In 1991, Clark and the Redskins tore through the NFL. He caught 70 passes for 1,340 yards and ten touchdowns. His 19.1 yards per catch was second in the NFL. Clark caught four passes for 203 yards and three touchdowns in Washington's 56–17 rout of the Atlanta Falcons in week 11. The Redskins finished 14–2, won the NFC East, and claimed home field advantage throughout the playoffs. Washington beat Atlanta, 24–7, and crushed Detroit, 41–10, to earn a berth in Super Bowl XXVI against the Buffalo Bills. Clark had a big day with seven catches for 114 yards and a touchdown in Washington's 37–24 defeat of the Bills. The Redskins led 24–0 early in the third quarter, but Buffalo cut the lead to 24–10. His 30-yard touchdown reception in the third quarter was instrumental in thwarting a comeback attempt by the Bills.

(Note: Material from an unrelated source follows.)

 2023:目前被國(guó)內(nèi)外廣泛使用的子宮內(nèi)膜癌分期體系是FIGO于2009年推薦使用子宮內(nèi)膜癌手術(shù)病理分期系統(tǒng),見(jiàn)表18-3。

Clark, Monk, and Sanders gave the Redskins one of the best receiving corps in the NFL during the late 1980s and early 1990s. They were known as The Posse. Clark was long known as the most fiery spirit of the bunch, and he was known to run laps around RFK Stadium after touchdowns and during Redskins comebacks. Clark signed with the Phoenix Cardinals as a free agent prior to the 1993 season, and the Redskins have only made the playoffs five times since, as of the end of the 2020 season.

Clark retired from the NFL after the 1995 season. In his 11 NFL seasons, he caught 699 passes for 10,856 yards and 65 touchdowns, while rushing for 54 yards and gaining 62 yards on nine punt returns. He also had twenty-seven 100-yard games wearing the Redskins uniform. Clark was a four-time Pro Bowl selection in 1986, 1987, 1990, and 1991. He was also a three-time All-Pro selection. He led his team in receiving seven times (1986, 1987, 1989–1992, 1994), and won two Super Bowls, Super Bowl XXII and Super Bowl XXVI, during his NFL career.

Clark was the first wide receiver in NFL history to catch at least 50 passes in his first ten NFL seasons. As of , the only other players to do so have been Marvin Harrison, Torry Holt, and Larry Fitzgerald. Despite this, Clark was never considered as a finalist for the Pro Football Hall of Fame, much less even make it as a semifinalist despite being one of few receivers to record 10,000 receiving yards in the pre-salary cap era of the NFL while recording 65 touchdown receptions as one of the key receivers on the Redskins along with Art Monk.

==NFL career statistics==

Legend
| Bold | Career high |

===Regular season===

| Year | Team | Games |  | Receiving |  |  |  |  |
| GP | GS | Rec | Yds | Avg | Lng | TD |
| 1985 | WAS | 16 | 10 | 72 | 926 | 12.9 | 55 | 5 |
| 1986 | WAS | 15 | 15 | 74 | 1,265 | 17.1 | 55 | 7 |
| 1987 | WAS | 12 | 11 | 56 | 1,066 | 19.0 | 84 | 7 |
| 1988 | WAS | 16 | 13 | 59 | 892 | 15.1 | 60 | 7 |
| 1989 | WAS | 15 | 12 | 79 | 1,229 | 15.6 | 80 | 9 |
| 1990 | WAS | 16 | 16 | 75 | 1,112 | 14.8 | 53 | 8 |
| 1991 | WAS | 16 | 16 | 70 | 1,340 | 19.1 | 82 | 10 |
| 1992 | WAS | 16 | 14 | 64 | 912 | 14.3 | 47 | 5 |
| 1993 | PHX | 14 | 10 | 63 | 818 | 13.0 | 55 | 4 |
| 1994 | ARI | 15 | 2 | 50 | 771 | 15.4 | 45 | 1 |
| 1995 | MIA | 16 | 0 | 37 | 525 | 14.2 | 42 | 2 |
| Career |  | 167 | 119 | 699 | 10,856 | 15.5 | 84 | 65 |

==Personal life==
Clark was the owner of the now closed South Beach Restaurant and Martini Lounge in Bethesda, Maryland.

He was inducted into the Redskins Ring of Honor on October 7, 2007, and concluded his speech with, "We are going to spank Detroit's butt." The Redskins won the game, 34–3.

In 2007, he was inducted into the Virginia Sports Hall of Fame.